Information provided:
[Start of section]

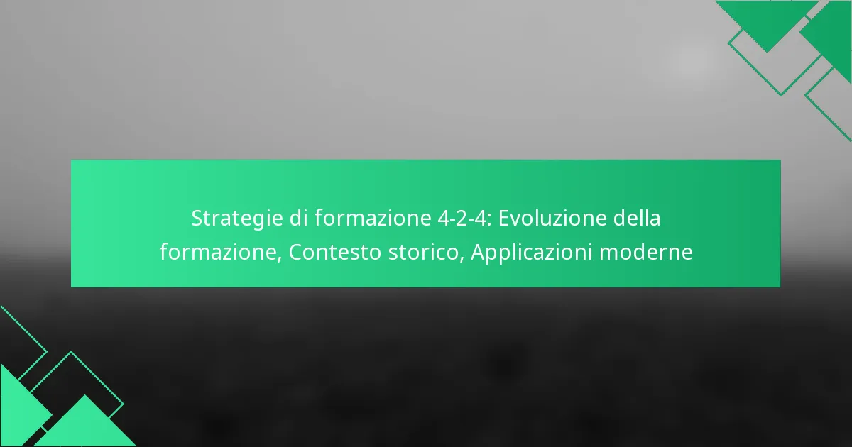La formazione 4-2-4 è un assetto tattico che combina quattro difensori, due centrocampisti centrali e quattro attaccanti, promuovendo un equilibrio tra gioco offensivo e difensivo. La sua evoluzione riflette il cambiamento del panorama delle strategie calcistiche, adattandosi alle moderne filosofie di allenamento pur mantenendo la sua importanza storica come approccio trasformativo a metà del XX secolo.
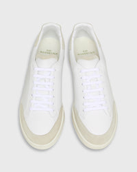 A stripped-down, tennis-inspired sneaker with suede accents. The design is slightly retro without drawing too much attention to itself... slightly anonymous with no visible logos... and in white leather, slightly more polished than the pair you're actually taking to the court. Aces all around.
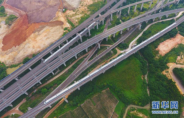 7月1日,动车在广西南宁市屯里大桥上行驶(无人机拍摄)。 新华社记者 黄孝邦 摄
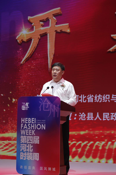 滄縣縣委書記楊猛上臺致辭表示,在舉國歡慶中國共產黨成立100周年之際,第四屆河北時裝周再次約定獅城、花落滄東,充分體現了省工信廳、省服裝行業協會以及市委、市政府對滄縣的關懷厚愛,必將為滄縣服裝產業的崛起插上騰飛翅膀,也日益成為滄縣展現時尚之都風采的靚麗名片。希望以此次服裝盛會為平臺,進一步豐富展會業態,更好地搭建起滄縣溝通全國、對話世界的橋梁,共同打造世界服飾時尚之都。

[End of section]

What is expected: Output only the lines that run from the line containing "A stripped-down, tennis-inspired" to the last line of the data, exactly as they stand and without pictures.

Solution to this exercise:
 A stripped-down, tennis-inspired sneaker with suede accents. The design is slightly retro without drawing too much attention to itself... slightly anonymous with no visible logos... and in white leather, slightly more polished than the pair you're actually taking to the court. Aces all around.
 7月1日,动车在广西南宁市屯里大桥上行驶(无人机拍摄)。 新华社记者 黄孝邦 摄
 滄縣縣委書記楊猛上臺致辭表示,在舉國歡慶中國共產黨成立100周年之際,第四屆河北時裝周再次約定獅城、花落滄東,充分體現了省工信廳、省服裝行業協會以及市委、市政府對滄縣的關懷厚愛,必將為滄縣服裝產業的崛起插上騰飛翅膀,也日益成為滄縣展現時尚之都風采的靚麗名片。希望以此次服裝盛會為平臺,進一步豐富展會業態,更好地搭建起滄縣溝通全國、對話世界的橋梁,共同打造世界服飾時尚之都。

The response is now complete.